> **Description of the task**: Could you transcribe exactly the lines below, from the line with "artwork placement. |" through the line with "Made from poly-cotton", and nothing else, leaving out the pictures?

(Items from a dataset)
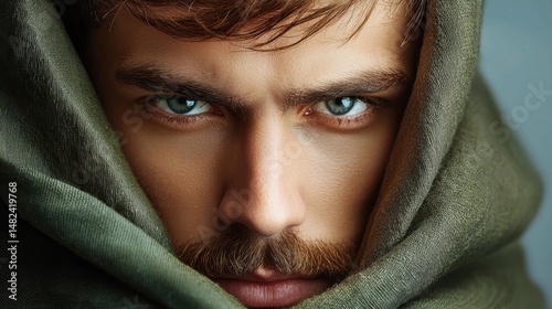Moody male close-up with deep gaze, mostly hidden by cloak or scarf
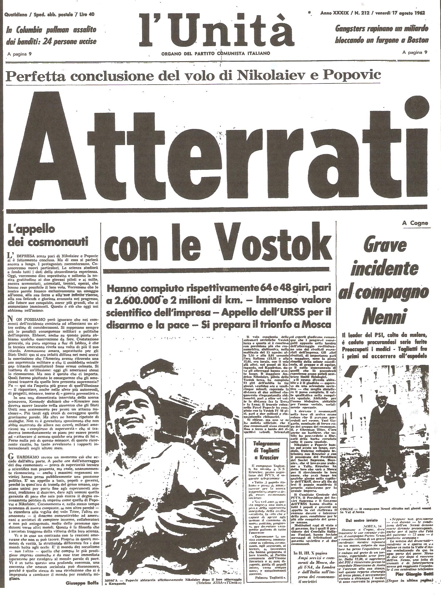L’Unione Sovietica fa rientrare sulla Terra, a distanza di pochi minuti l'uno dall'altro (alle 6:52 UTC e alle 6:59 UTC, rispettivamente), i cosmonauti Nikolayev sulla Vostok 3 e Popovich a bordo della Vostok 4. I due uomini hanno realizzato il primo “appuntamento spaziale”, raggiungendo una distanza minima di cinque km.
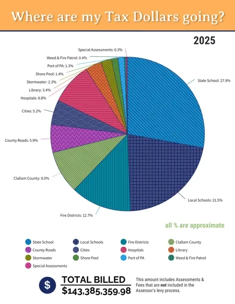 The county’s general fund makes up about 9% of the total property tax burden for Clallam County taxpayers and is used to fund essential government services. These include public safety, health and human services, courts, jails, public defenders, the assessor’s office, planning and permitting, juvenile and family services, and parks and recreation.
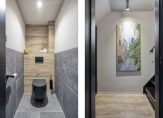 Tussen de keuken en het zitgedeelte ligt de tweede hal. In deze tweede hal bevindt zich de toiletruimte met een vrijhangend toilet en een fonteintje. De toiletruimte is in 2023 gemoderniseerd met fraai zwart sanitair en grote tegels. Via deze tweede hal kunt u de bovengelegen verdieping bereiken.
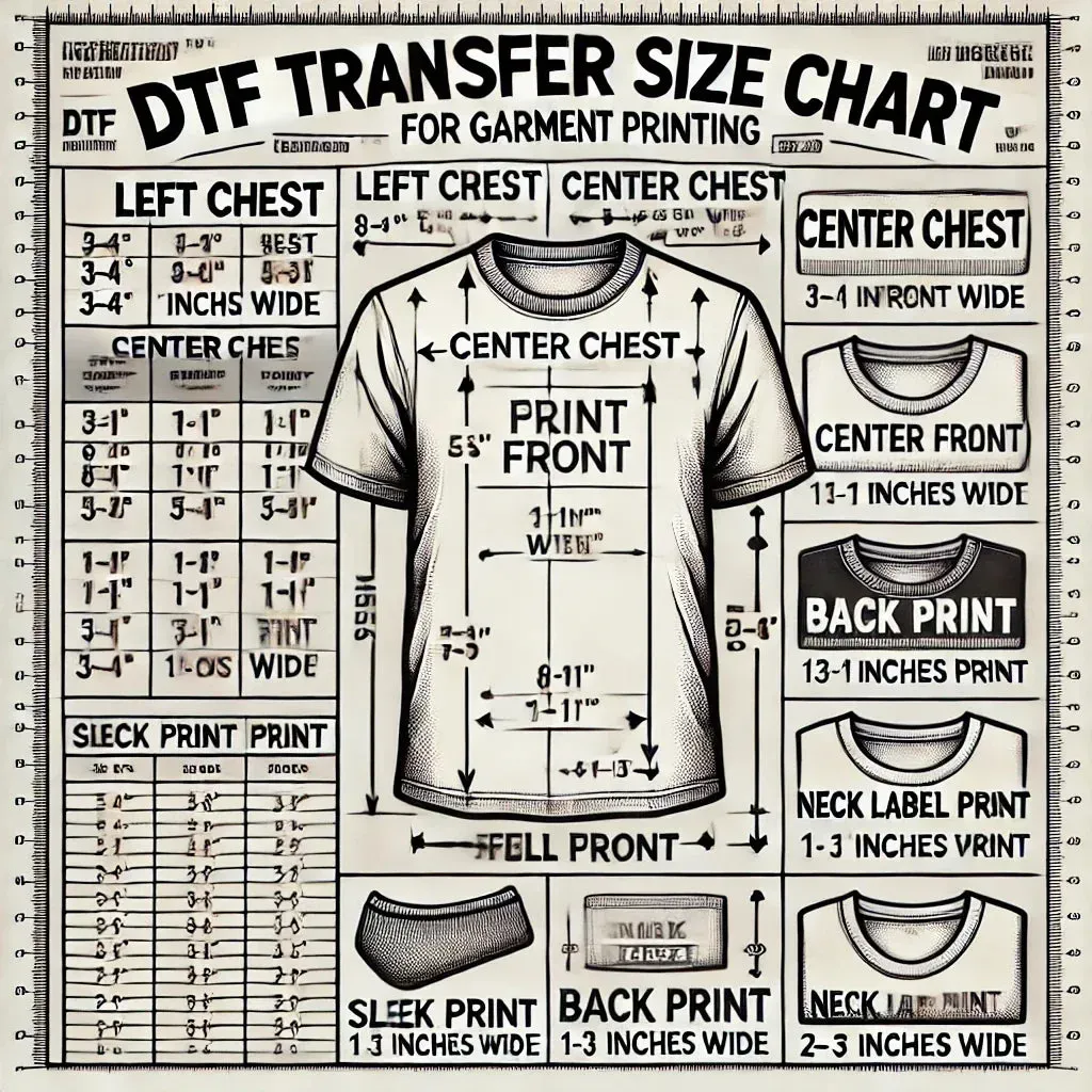 | What is a DTF Transfer Size Chart | A template that defines printable zones for front, back, and sleeves and translates inches or centimeters into garment measurements to guide artwork placement. |
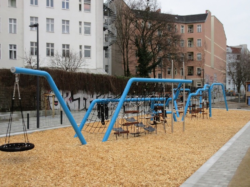 Ganz ohne Feier, Ansprachen und Tamtam, aber im Beisein des Baustadtrats Jochen Biedermann wurde am 10. Februar 2022 gegen 9 Uhr der Bauzaun weggeräumt. Nach eineinhalb Jahren Bauzeit gibt es wieder einen Spielplatz an der Reuterstraße 10 und auch der Durchgang zur Karl-Marx-Straße ist wieder offen.
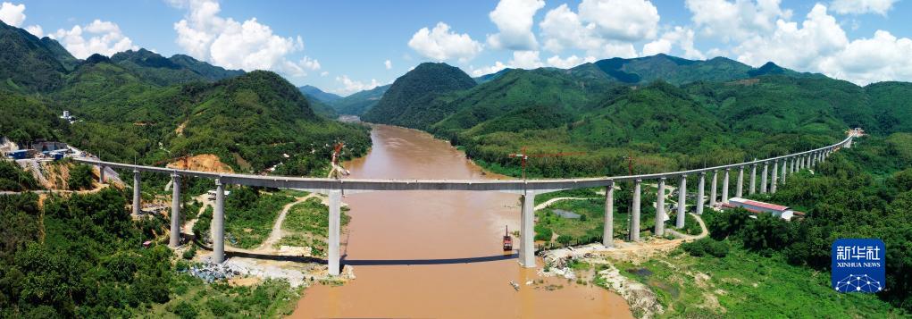 這是2020年7月24日在老撾拍攝的中老鐵路班納漢湄公河特大橋(無人機照片)。新華社發(fā)(潘龍柱 攝)
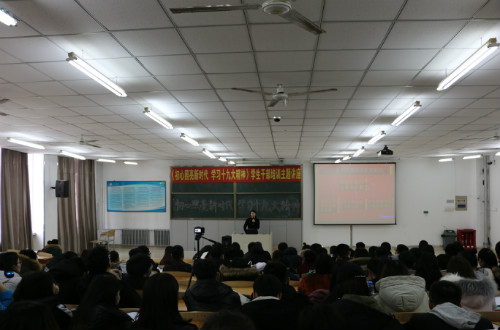 讲座开展前的一周,邓雨巍书记开始深入调查学生对十九大精神的了解情况,与学院教师们进行多次会议商讨,如何将十九大精神、习近平新时代中国特色社会主义思想带入校园,学生干部积极配合老师工作,带领学生们在课余时间建立小组共同探讨学习十九大精神。每日黄昏过后,邓书记的办公室里总是灯火通明,彻夜修改稿件,为在讲座中更全面的向学生们传达党的十九大精神做着充分准备。她围绕在新时代进程中擦亮初心、在民族复兴中坚守初心、在自我革命中砥砺初心三个视觉角度,就大学生如何理解习近平新时代中国特色社会主义思想进行了深入浅出的生动解读。
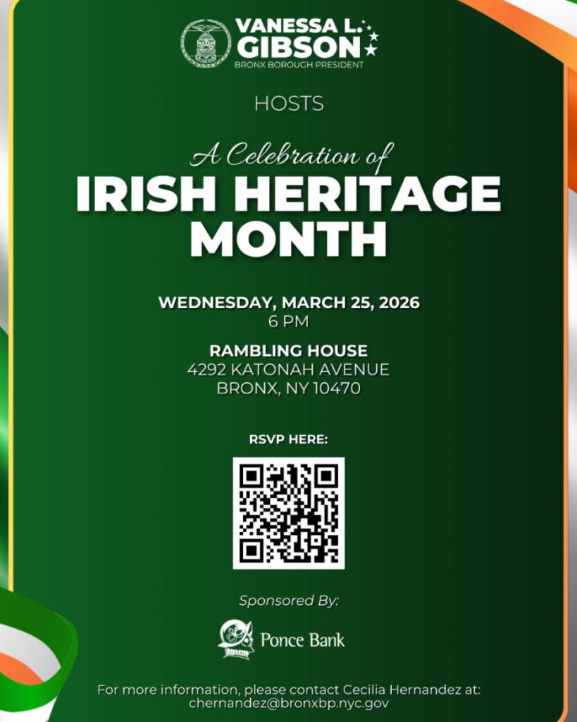 TRENTON, Nueva Jersey, EU, 17 de marzo de 2026.- La presidenta del condado del Bronx, Vanessa L. Gibson, invita a la comunidad a participar en la celebración del Mes de la Herencia Irlandesa, que se llevará a cabo el próximo miércoles 25 de marzo de 2026.
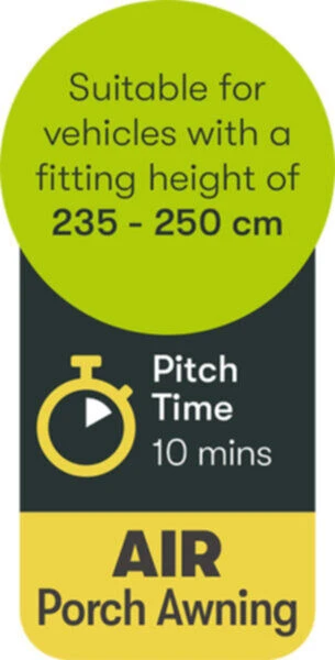New for 2022 is The Quest Falcon 220 Air porch caravan awning, an air beam design using 150 denier performance fabric with a hydrostatic head rating of 4000mm which is more than adequate for the British weather
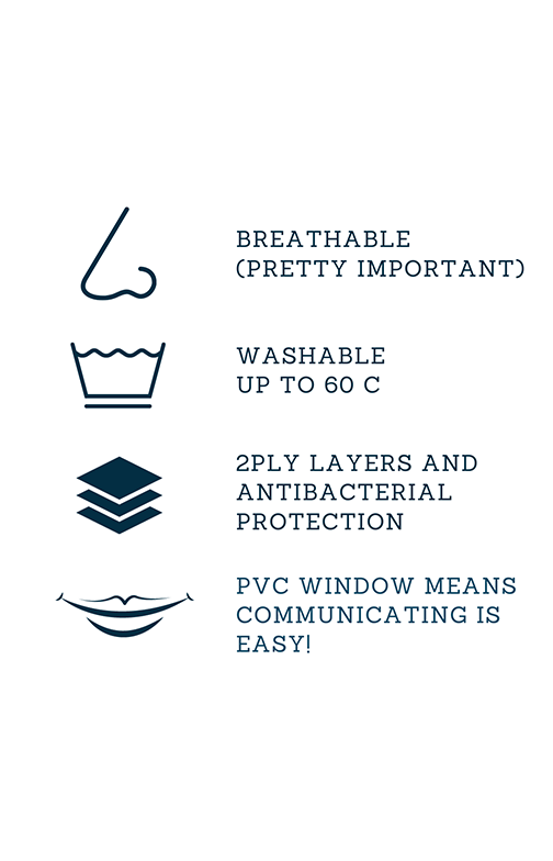 Made from poly-cotton anti-bacterial treated fabric with soft elasticated ear loops allow for one size fits all.
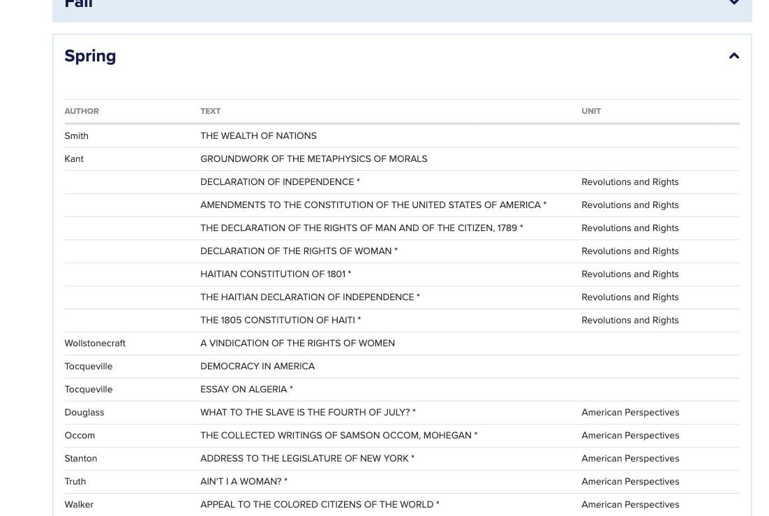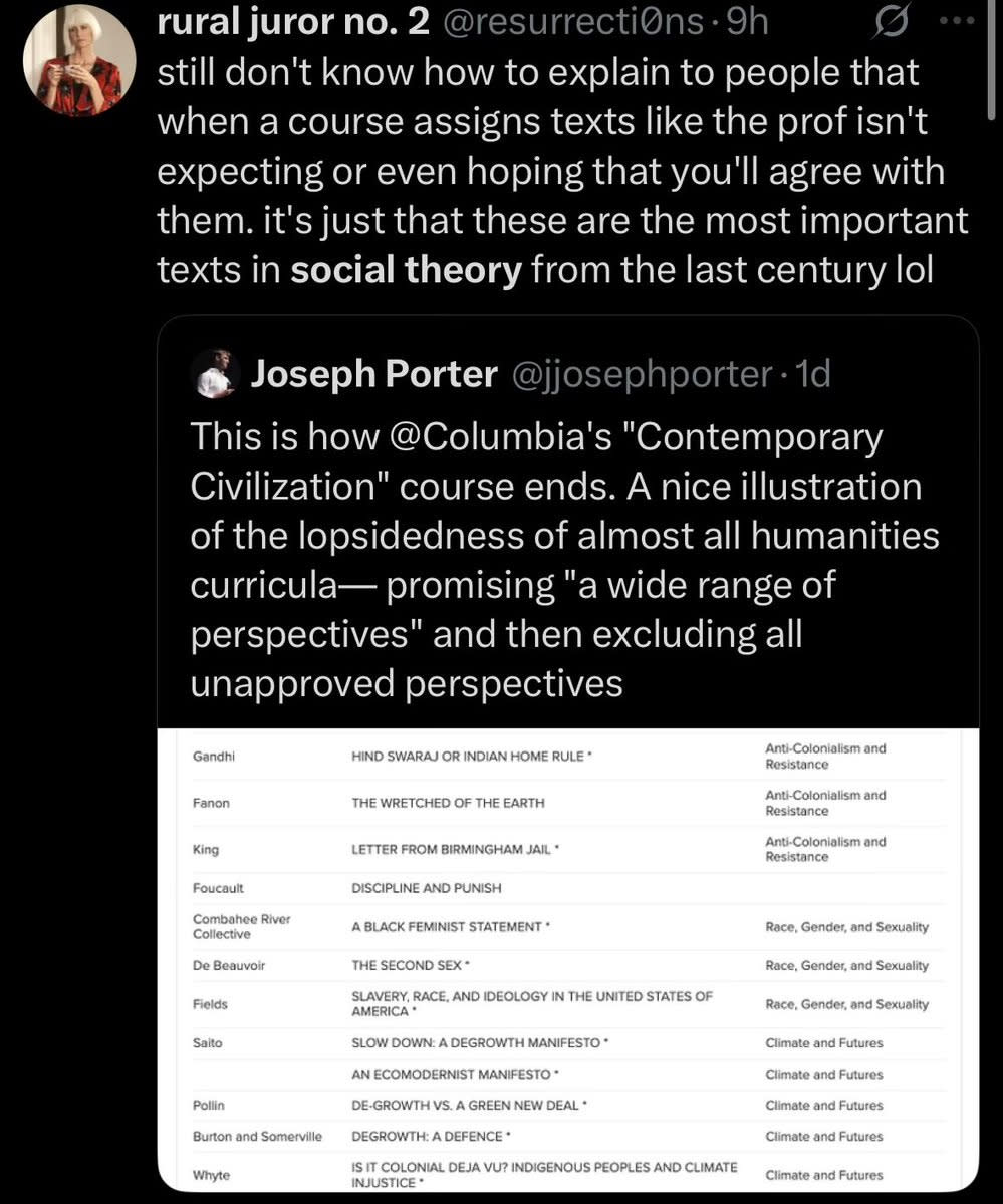 When I was forced to endure the Columbia Core Curriculum, I would not say I enjoyed my experience, but I understood why most of the books were there. Claude offers this summary, which mostly matches my experience but not entirely, and the ones that were added as optional (like Rawls and Marquez) seemed quite bad:
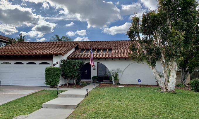This Orange County home is located on a safe cul de sac street & quiet residential neighborhood. A perfect family home. The home is a 5 minute drive off the 5 Freeway. The single story home has 1700 sq. ft. and a huge backyard, perfect for Barbecuing and play area for children. The backyard also offers a large patio and furniture with a great view. The home offers free high speed Wi-Fi, Netflix, Disney Plus, and Amazon Prime. An open kitchen with all the appliances you need overlooking the backyard, Large Dining Room, 3 separate private rooms, and a Inviting Living Room with Large, Comfortable Couches. The Master Bedroom and back bedroom is very spacious and has California King Beds in each room. This recently remodeled home has hardwood flooring that runs throughout the home.
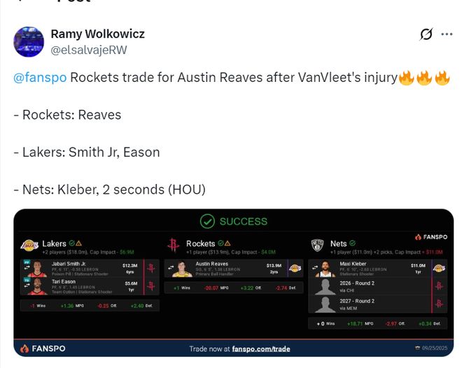 湖媒認為火箭隊正缺少一個組織者,里夫斯可以扮演這樣的角色,而且里夫斯還是一個進攻能力很強的后衛(wèi),他在火箭的防守體系下可以很好的被保護起來。而湖人隊則得到一個頂級的3D側(cè)翼與一個先發(fā)水準的空間型四號位,勒布朗的壓力會大幅降低。(我個人覺得這種交易建議純粹是打劫休斯頓火箭隊)

> **Response box**:
 | What is a DTF Transfer Size Chart | A template that defines printable zones for front, back, and sleeves and translates inches or centimeters into garment measurements to guide artwork placement. |
 Ganz ohne Feier, Ansprachen und Tamtam, aber im Beisein des Baustadtrats Jochen Biedermann wurde am 10. Februar 2022 gegen 9 Uhr der Bauzaun weggeräumt. Nach eineinhalb Jahren Bauzeit gibt es wieder einen Spielplatz an der Reuterstraße 10 und auch der Durchgang zur Karl-Marx-Straße ist wieder offen.
 這是2020年7月24日在老撾拍攝的中老鐵路班納漢湄公河特大橋(無人機照片)。新華社發(fā)(潘龍柱 攝)
 讲座开展前的一周,邓雨巍书记开始深入调查学生对十九大精神的了解情况,与学院教师们进行多次会议商讨,如何将十九大精神、习近平新时代中国特色社会主义思想带入校园,学生干部积极配合老师工作,带领学生们在课余时间建立小组共同探讨学习十九大精神。每日黄昏过后,邓书记的办公室里总是灯火通明,彻夜修改稿件,为在讲座中更全面的向学生们传达党的十九大精神做着充分准备。她围绕在新时代进程中擦亮初心、在民族复兴中坚守初心、在自我革命中砥砺初心三个视觉角度,就大学生如何理解习近平新时代中国特色社会主义思想进行了深入浅出的生动解读。
 TRENTON, Nueva Jersey, EU, 17 de marzo de 2026.- La presidenta del condado del Bronx, Vanessa L. Gibson, invita a la comunidad a participar en la celebración del Mes de la Herencia Irlandesa, que se llevará a cabo el próximo miércoles 25 de marzo de 2026.
New for 2022 is The Quest Falcon 220 Air porch caravan awning, an air beam design using 150 denier performance fabric with a hydrostatic head rating of 4000mm which is more than adequate for the British weather
 Made from poly-cotton anti-bacterial treated fabric with soft elasticated ear loops allow for one size fits all.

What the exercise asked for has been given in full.